Principle:AUTOMATIC1111 Stable diffusion webui Noise addition and guided denoising
| Knowledge Sources | |
|---|---|
| Domains | Diffusion Models, Image Generation, Image Editing, Inpainting |
| Last Updated | 2026-02-08 00:00 GMT |
Overview
Noise addition and guided denoising is the core diffusion process in image-to-image generation where calibrated noise is added to the encoded source image and then iteratively removed under text guidance, with the denoising strength controlling the balance between fidelity to the source and creative freedom.
Description
The image-to-image sampling process implements the SDEdit algorithm: rather than starting from pure noise (as in text-to-image), it starts from the source image encoded in latent space with a controlled amount of noise added. The diffusion model then denoises this noisy latent back to a clean image, guided by the text prompt.
The process involves three key stages:
1. Noise Generation: A noise tensor is generated using the ImageRNG system, which supports deterministic seeded noise, subseed blending via spherical linear interpolation (slerp), and seed-resize functionality for resolution-independent seeds. The noise may be scaled by an initial_noise_multiplier to adjust the overall noise amplitude.
2. Sampler Invocation: The sampler's sample_img2img() method receives the initial latent, the noise tensor, and the text conditioning (positive and negative). Internally, the sampler:
- Determines the starting timestep based on denoising strength
- Adds noise to the init_latent corresponding to that timestep
- Iteratively denoises from the starting timestep to timestep 0
- Uses classifier-free guidance to steer generation toward the text prompt
3. Mask Compositing: After sampling, if a mask is present, the denoised samples are composited with the original init_latent using the mask tensors. The formula blends the generated content in masked regions with the preserved original content in unmasked regions. Script hooks (on_mask_blend) can modify this blending behavior.
Usage
The sampling stage is the computational bottleneck of image-to-image generation. Key considerations:
- Denoising strength directly controls the starting timestep. Lower values mean fewer denoising steps and closer fidelity to the source.
- Initial noise multiplier provides fine-grained control over noise amplitude independently of the timestep schedule.
- Sampler choice affects both quality and speed. Different samplers (Euler, DPM++, etc.) have different convergence properties.
- The mask compositing step after sampling is critical for inpainting: it ensures that unmasked regions remain exactly as they were in the source, preventing any drift from the denoising process.
Theoretical Basis
The SDEdit process can be formalized as follows. Given the encoded source latent z_0, denoising strength s, and total timesteps T:
Step 1: Determine starting timestep
t_start = schedule(s, T) # maps strength to a timestep index
Step 2: Add noise to source latent
epsilon ~ N(0, I) # generated from seeded RNG
z_t = sqrt(alpha_bar_t) * z_0 + sqrt(1 - alpha_bar_t) * epsilon
where alpha_bar_t is the cumulative noise schedule at t_start
Step 3: Iterative denoising from t_start to 0
for t = t_start, t_start-1, ..., 1, 0:
epsilon_pred = UNet(z_t, t, c_text) # conditional prediction
epsilon_uncond = UNet(z_t, t, c_uncond) # unconditional prediction
epsilon_guided = epsilon_uncond + cfg_scale * (epsilon_pred - epsilon_uncond)
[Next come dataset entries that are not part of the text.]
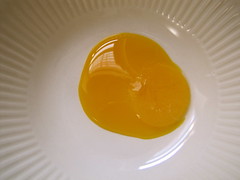 We start with the basics: some good baking chocolate (I used 72% Green & Black’s Organic), and butter. It gets melted over indirect heat (read: placed in a bowl set over a boiling pot of water), and the only tricky part is next whisking in a single egg yolk (for a batch of about thirty truffles). No sugar. Next, we chill the stuff until it’s solid, and bring it out of the fridge to let it soften for twenty minutes.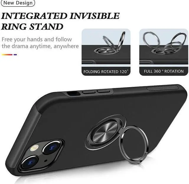 Features: Compatible with Apple iPhone 15. Made from reinforced bonded thermopolyurethane and high quality polycarbonate materials, which makes it flexible enough to absorb punishment but hard enough to resist potential damage. The back of the case has a built-in extremely practical handle, Ring, which can be put on the finger to hold the phone more securely in your hand. Pull the ring out and have a handy viewing stand to comfortably watch your favorite show. Ultra-slim, lightweight and minimal design. Equipped with two-piece design, you can easily pop the case on and off with ease while still feeling ultimately protected. Raised front bezel and camera opening prevent scratches to the screen and camera lens. Get maximum safety and easy access to all buttons and ports from raised bezel edges, shock-absorbing corners, and a non-slip bumper grip. Enjoy magnetic mount compatibility, as the ring holder also functions as a built-in metal plate. Antimicrobial case protection.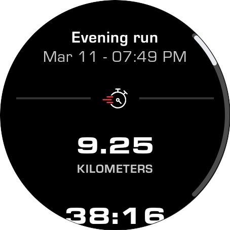 - Nhận chi tiết mở rộng về mỗi phiên, bao gồm: dấu vết, khoảng cách, thời gian, tốc độ hoặc tốc độ, nhịp tim, calo và chia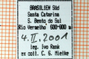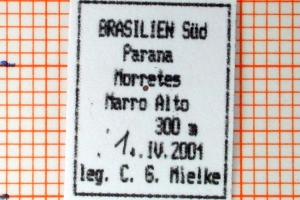 4-6: ♂, Daten siehe Etiketten (fot.: Ernst Brockmann, Fotos bearbeitet: Michel Kettner), coll. Departamento de Zoologia, Universidade Federal do Paraná, Curitiba, Paraná, Brazil.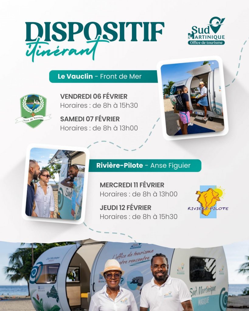 Le Sud de la Martinique bouge en février. Notre dispositif itinérant parcourt les routes pour t’offrir un accueil personnalisé. Que tu sois résident ou visiteur. Nous venons à ta rencontre pour faciliter tes démarches et enrichir ton séjour.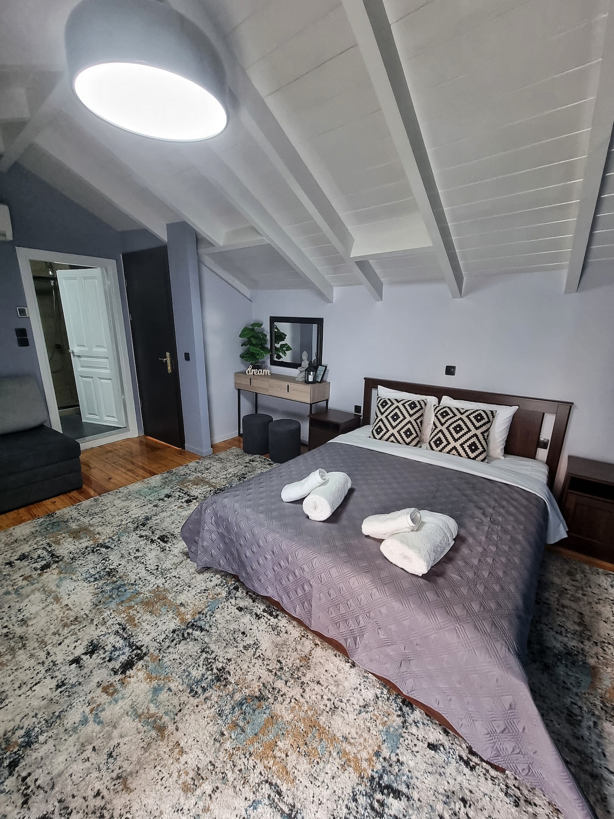 Նաֆպլիոյի հանգիստ տարածքում Kerannymi Loft Suite - ը ձեզ խոստանում է հանգստանալ բոլոր հարմարություններով: Օդի և արևոտ տեսարանով Ավետարանիստրիա եկեղեցու մի կողմում, իսկ մյուս կողմում ՝ Պալամիդի, Բուրցին և ամբողջ նավակայանը, իդեալական է ձեզ առաջարկել խաղաղության և հանգստի պահեր: Մարտի 25 - ին միշտ հասանելի կայանատեղի ՝ սուպերմարկետներով, սրճարաններով, պանդոկներով, հացաբուլկեղենի խանութներով և մթերային խանութներով փողոց ։ Հին Նաֆպլիոյից հեռավորությունը առավելագույնը 10 րոպե ոտքով է ։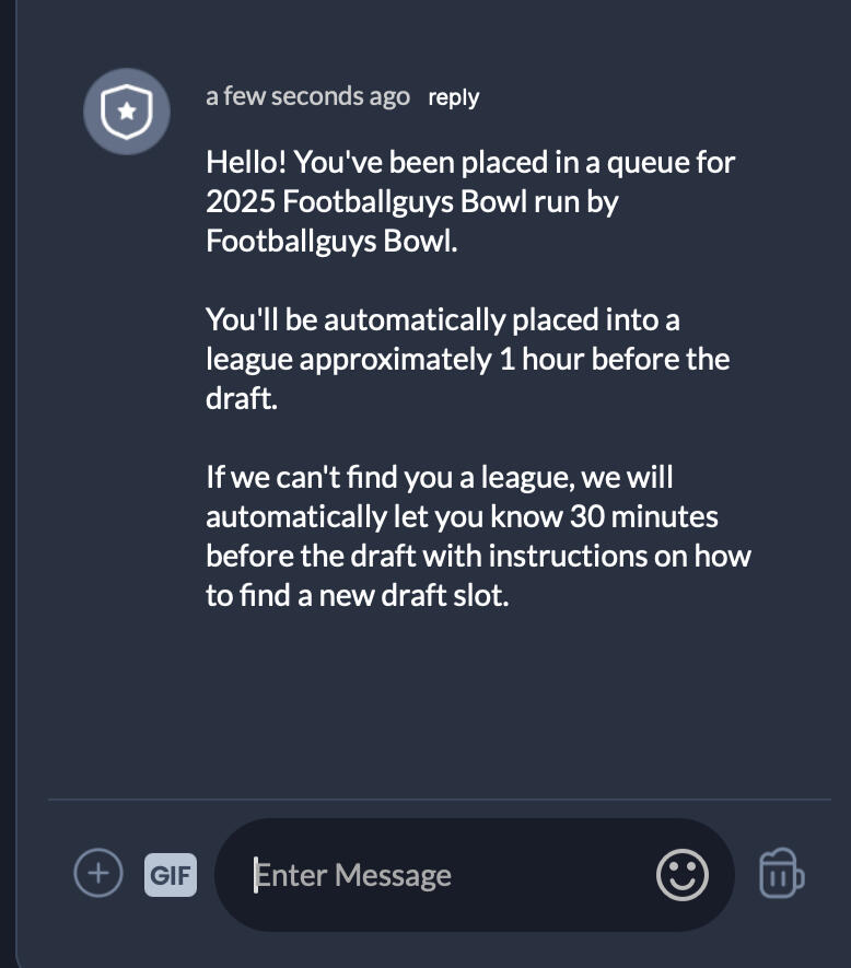 All Online Drafts have concluded for the 2025 Footballguys Bowl, Good Luck this season!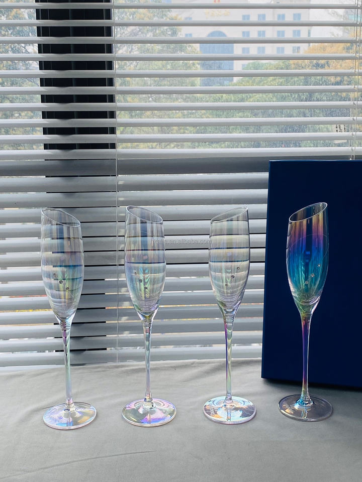 Luxury White Wine Glass Set Long Colorful for Glasses Electroplated Crystal Glass Dishwasher Safe Eco-Friendly Hotel Use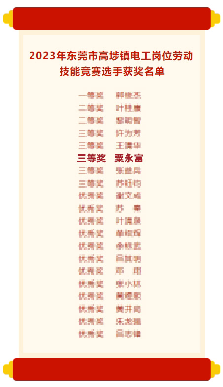 “高埗镇电工技能竞赛三等奖”

z_{t-1} = sampler_step(z_t, epsilon_guided, t)
Step 4: Mask compositing (for inpainting)
z_final = z_denoised * nmask + z_0 * mask
The mask compositing formula ensures exact preservation of unmasked regions:
samples_final = samples * nmask + init_latent * mask
where:
nmask = 1.0 in regions to regenerate (masked area)
mask = 1.0 in regions to preserve (unmasked area)
nmask + mask = 1.0 everywhere
The noise multiplier provides an additional scaling factor:
if initial_noise_multiplier != 1.0:
noise = noise * initial_noise_multiplier
This allows boosting or reducing the noise amplitude beyond what the denoising strength alone controls, useful for fine-tuning the balance between randomness and source fidelity.
The script hook system allows extensions to modify the blending behavior via MaskBlendArgs, enabling custom compositing strategies such as gradient-aware blending or frequency-domain compositing.